In the far southeast of England, you could say there are two Kents.
There’s the soft rural Kent of posh towns, National Trust houses and quaint villages, and then coastal Kent, fortified to defend the entranceway to England but also adapted for seaside fun in the 19th century.
In rural Kent, the county lives up to its nickname the “Garden of England” for its verdant countryside of hop farms and orchards, and florid villages with pastoral scenes of duck ponds, pubs, village greens and Norman churches.
Something in the Kent countryside that you won’t see anywhere else are “oast houses”, barns and houses on hop farms with conical roofs capped by a white vent to draw in air and dry the hops that would be stored on the upper floor.

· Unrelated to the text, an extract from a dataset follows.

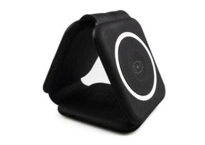 Bolero is a unique design of foldable dual wireless charger and in-built multi-cable set. The dual chargers provide 15W magnetic wireless charging for mobile phones and 3W wireless charging for compatible wireless charging Smart Watches or Bluetooth Earpods. Additionally, the multi-cable set includes USB, Micro, Type-C and Lightning connections with an ejector pin and SIM card slots for all your essential travel requirements. Portable and packed in a gift box.
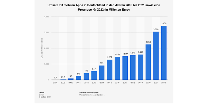 Prognose zum Umsatz mit mobilen Apps, Quelle: Statista https://de.statista.com/statistik/daten/studie/173810/umfrage/umsatz-mit-mobilen-apps-in-deutschland-seit-2009/

Lets explore the best places to visit in Kent:
As beautiful as it is significant, Canterbury is a university crammed with history.

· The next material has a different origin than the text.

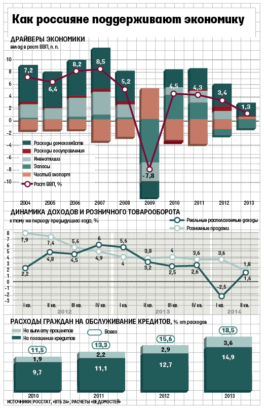 Кредитование больше не поддерживает рост потребления, а потребление вносит все меньший вклад в рост экономики. По расчетам HSBC, в 2013 г. потребкредитование обеспечило почти 1 п. п. роста частного потребления и 0,6 п. п. роста ВВП (из 1,3%), а в 2014 г. его вклад в экономику будет отрицательным - оно отнимет от роста ВВП 0,1 п. п. На торможение роста кредитования повлияло и начавшееся с марта повышение ставок, указывает Наталия Орлова из Альфа-банка. Если ЦБ не снизит ставки, то вклад кредитования в рост ВВП может обнулиться или стать отрицательным, так как население будет снижать кредитное плечо, считает Орлова: «Нет сомнений, что регионы присоединятся к московскому тренду».

It is the seat of the British Isles’ first diocese, founded in the 6th century.
The Archbishop of Canterbury remains one of the most influential public figures in England.
The magnificent Norman and gothic cathedral is the showpiece of a UNESCO World Heritage Site, and was the scene of one of the pivotal moments in English medieval history: The murder of the Archbishop Thomas Beckett by supporters of King Henry II at the altar in 1170. There’s much to keep you enthralled in Canterbury, whether it’s Roman mosaics, the ruins of the castle and abbey, the city walls or the bulky Westgate, the biggest medieval city gate in England.